For cars and vans, the Commission has set a 15% reduction target by 2025 and 30% by 2030. The baseline is calculated on the total emissions of a manufacturer’s car or van fleet in 2021. After heated debates, the final agreement between the Council and the Parliament in December 2018 set a 15% cut by 2025 for both vans and cars. By 2030, the required reduction is 37.5% for cars and 31% for vans.
For their first regulation on reducing CO2 emissions of HDVs, the co-legislators adopted an ambitious deal that was consistent with the Commission’s initial proposal of cut of 15% by 2025 and 30% by 2030. The baseline is calculated on total emissions in 2019. Another critical difference between the LDV and HDV regulations is the possibility given to the Commission to revise the HDV targets in 2022. Arguably, some flexibility is needed given the uncertainty over the ability of manufacturers to meet such goals.
The legislative debate has shed light on the need to balance environmental concerns with the feasibility for the car industry to reach the newly set targets. It has also led to consider various options from hybrid and hydrogen to fully electric vehicles.”

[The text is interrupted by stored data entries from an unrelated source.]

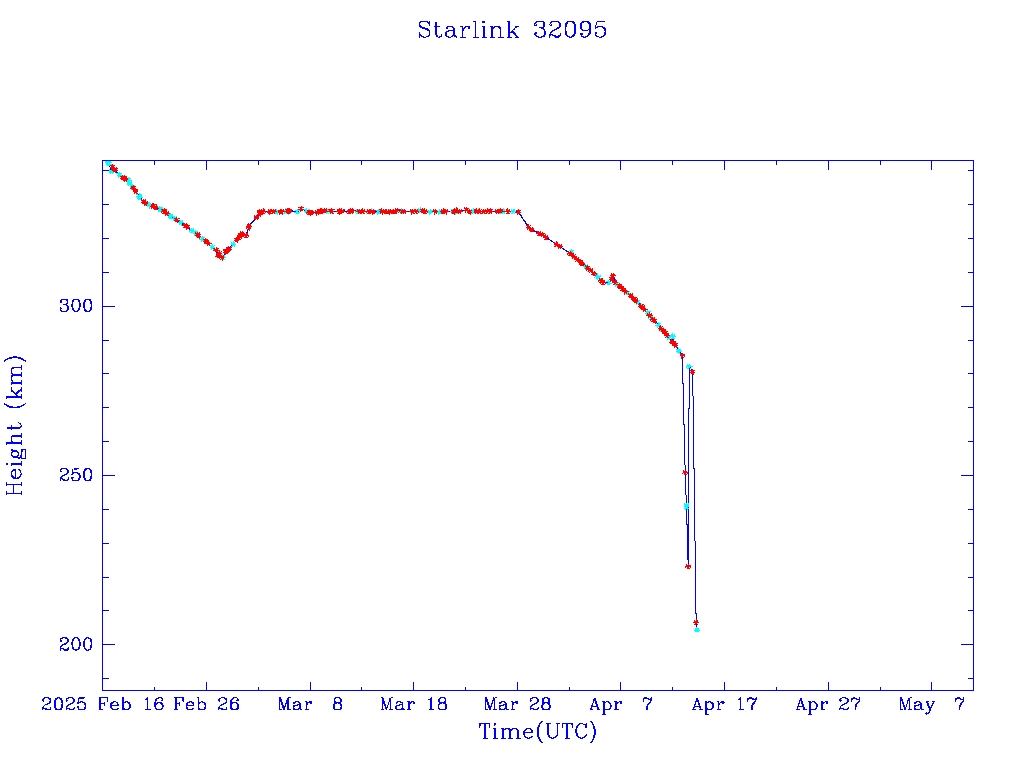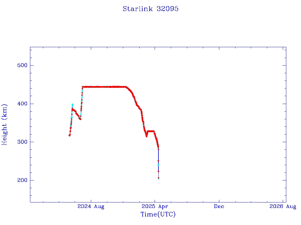 | Starlink 32095 | S59692 | R | 2024 May 8 | 2025 Apr 13? | 2025 Apr 24 |  |  |  |
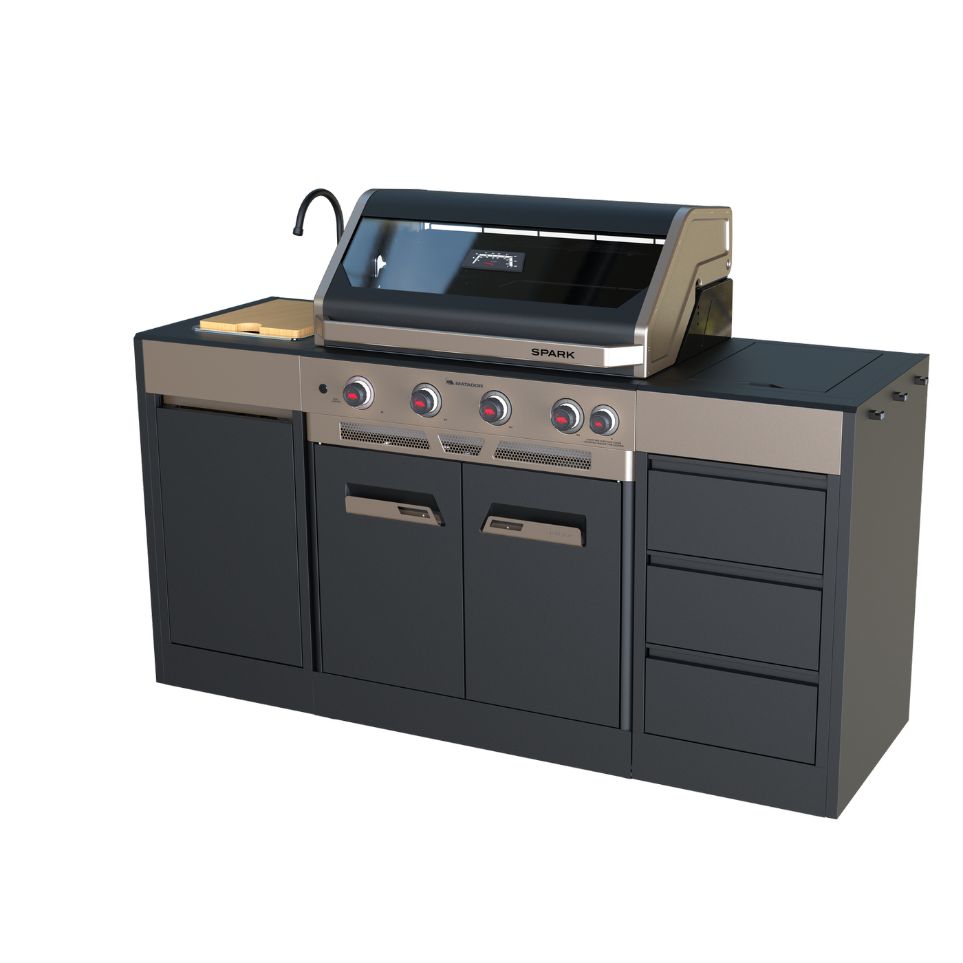 Tilt up preparation table for extra workspace Side Burner with wire trivet for cooking versatility Auto Ignition Burners with backlit LED control dials Convenient chopping board and stainless-steel sink with mixer tap 5 Year Warranty with after sales support Perfect for the all-round entertainer, the Spark Outdoor Kitchen with 4 Burner BBQ is designed for those who want a complete and elevated grilling experience. Whether you’re cooking for the family or hosting friends, the generous 3840 cm² cooking area (800L x 480W) and convenient side burner provide the space and flexibility you need. The Spark Kitchen offers ample storage with three deep drawers and a pull-out preparation table, while the integrated stainless steel sink, bamboo cutting board, and mixer tap make meal prep effortless. Its contemporary design is complemented by durable powder-coated construction, intuitive LED backlit controls, a paper towel holder, tool hooks, and a built-in bottle opener—ensuring you’re ready for any occasion. Searing steaks or grilling vegetables is easy with the satin enamel cast iron cooking surface, which includes a versatile 50/50 split of grill grate and solid plate for optimal control and variety. Built for strength and convenience, it features heavy-duty metal castors for mobility, internal storage with double-skinned doors, and dedicated space for a gas bottle (sold separately). Supplied with an LPG LCC27 hose and regulator, the BBQ is also compatible with Natural Gas when fitted with an approved conversion kit (IN 0718026 Matador Natural Gas Conversion Kit sold separately) installed by a licensed gas fitter or plumber. *Additional Matador Ignite+ Kitchen modules are available for purchase via Special Order to extend your Matador Spark 4 BNR kitchen to suit your space: IN 0847332 Matador Ignite+ Single Module IN 0847328 Matador Ignite+ Double Module (Drawer) IN 0847327 Matador Ignite+ Corner Module IN 0847330 Matador Ignite+ Single Fridge Cabinet IN 0847329 Matador Ignite+ Double Fridge Cabinet IN 0634878 Matador Dark Stainless Steel Bar Fridge Single Door IN 0634877 Matador Dark Stainless Steel Bar Fridge Double Door Dimensions Product Package Width Height Length 630mm 1230mm 1860mm Weight May require help to carry Total Weight 155.6kg Details ColourGun Metal Grey & Black Model NameMatador Spark 4 Burner Gas BBQ Kitchen Model NumberGB0690 MaterialPowder Coated Steel WELS Registration No.T44732 Number of Burners4 WELS Star Rating1780 Regulator TypeLCC27 Fuel TypeLPG 5 Year Warranty We will gladly assist with returns and exchanges of this product in accordance with our returns and exchanges policy. Assembly Required
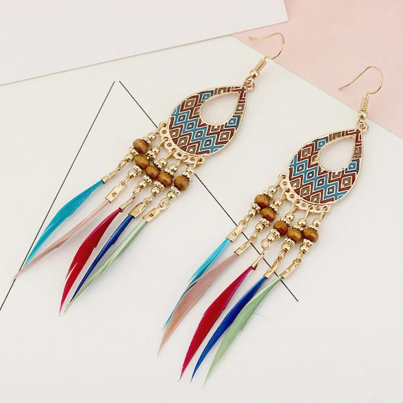 vinnago мода перо серьги длинные серьги старинные золотые Цвет бусы перья кисточкой мотаться для женщин
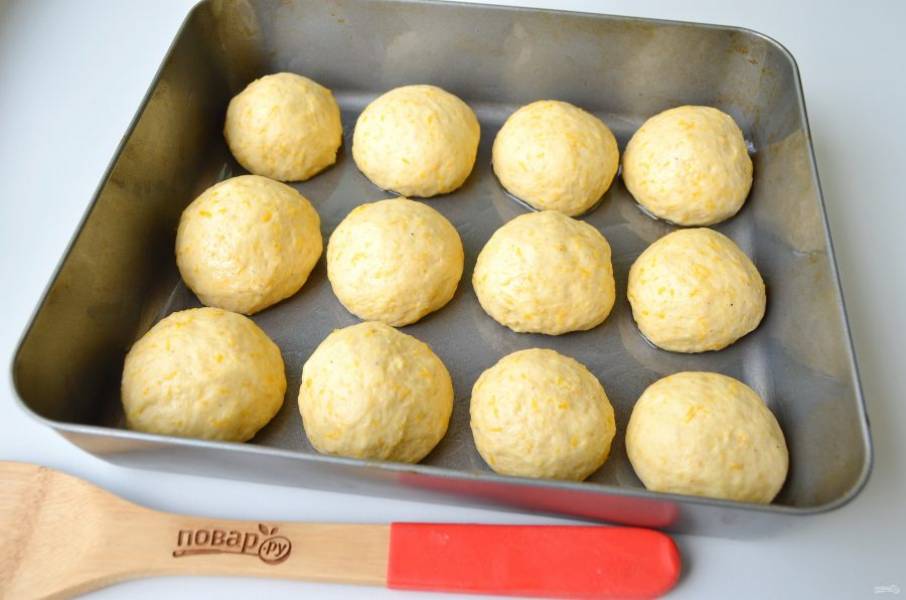 9. Смажьте противень растительным маслом. Стол и руки тоже смажьте маслом. Разделите тесто на 12 частей. Сформируйте булочки, расположите их на небольшом расстоянии. Поставьте булочки в теплую духовку на 20 минут для подъема. Включите духовку на 180 градусов и выпекайте булочки 25-30 минут.
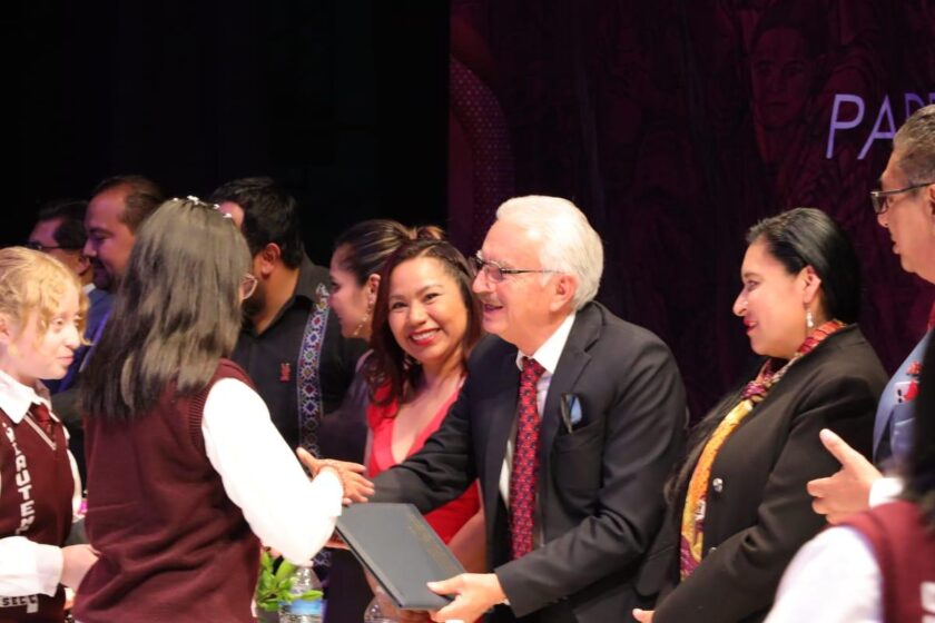 A esta importante ceremonia asistió el secretario de Educación Pública del Estado, Homero Meneses Hernández en representación de la gobernadora Lorena Cuéllar Cisneros, así como la síndica municipal de Chiautempan, María Estela Hernández Grande, entre otros invitados especiales del gobierno del estado y de la autoridad sindical.
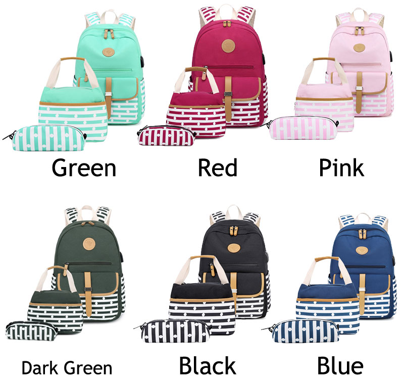 Single Buckle Stripe Dot School Bag For Teen Laptop Bag Rucksack With USB Port Handbag Student College Canvas Backpacks

Another fallout of the “dieselgate” has been the growing criticism of existing testing procedures, especially the New European Driving Cycle (NEDC). To close emission measurement gaps, the EC decided to adopt the WLTP (Worldwide Harmonised Light Vehicle Test Procedure) for the calculation of CO2 emissions. This method is much more accurate, and as such, much more demanding for manufacturers. Compared to the NEDC approach, the new approach raised CO2 measurements by 20 to 30%. And the efforts did not stop there.
It was also agreed to let the Commission assess by 2023 the feasibility of developing real-world emission test procedures. Those will be based on data from fuel consumption meters to be installed in new cars and vans with the Portable Emission Measurement System (PEMS). However, industry has already criticised this tool as ill-suited to reduce the margin of error in CO2 emission measurements. The result of those measurements among other factors will lead to a revision of the specific targets to be met by each manufacturer by 2030.
And there is more. The LDV and HDV regulations have also introduced benchmarks and incentives for manufacturers to produce Zero and Low Emission Vehicles (ZLEV). This contrast with the strategy of other economic powerhouses, such as China, which relies more on the definition of production and sales quotas to promote clean vehicles.
Meanwhile, the legislative debate has shed light on the need to balance environmental concerns with technical feasibility. The car industry must innovate technologically to reach the newly set targets. This constraint calls for flexibility on the options to be consider, whether hybrid, hydrogen or fully electric vehicles.
Despite the Commission’s technology-neutral approach to CO2 emission reduction, electric cars were often presented as the golden child for transport’s predicaments. Meanwhile, when considering market prices (for consumers), the autonomy of vehicles and the deployment of the required charging infrastructure, Europe is not ready yet. Besides, other concerns include the sustainability of the electricity powering cars or the components and raw materials used to manufacture batteries.
In a nutshell, on the decarbonisation of transport, the Juncker Commission’s track record seems rather convincing from a consumer or voter point of view. In terms of regulatory power, it also demonstrates that the EU remains more relevant than its national counterparts. Yet, regulations will not change our day-to-day if the industry cannot deliver on the expected changes.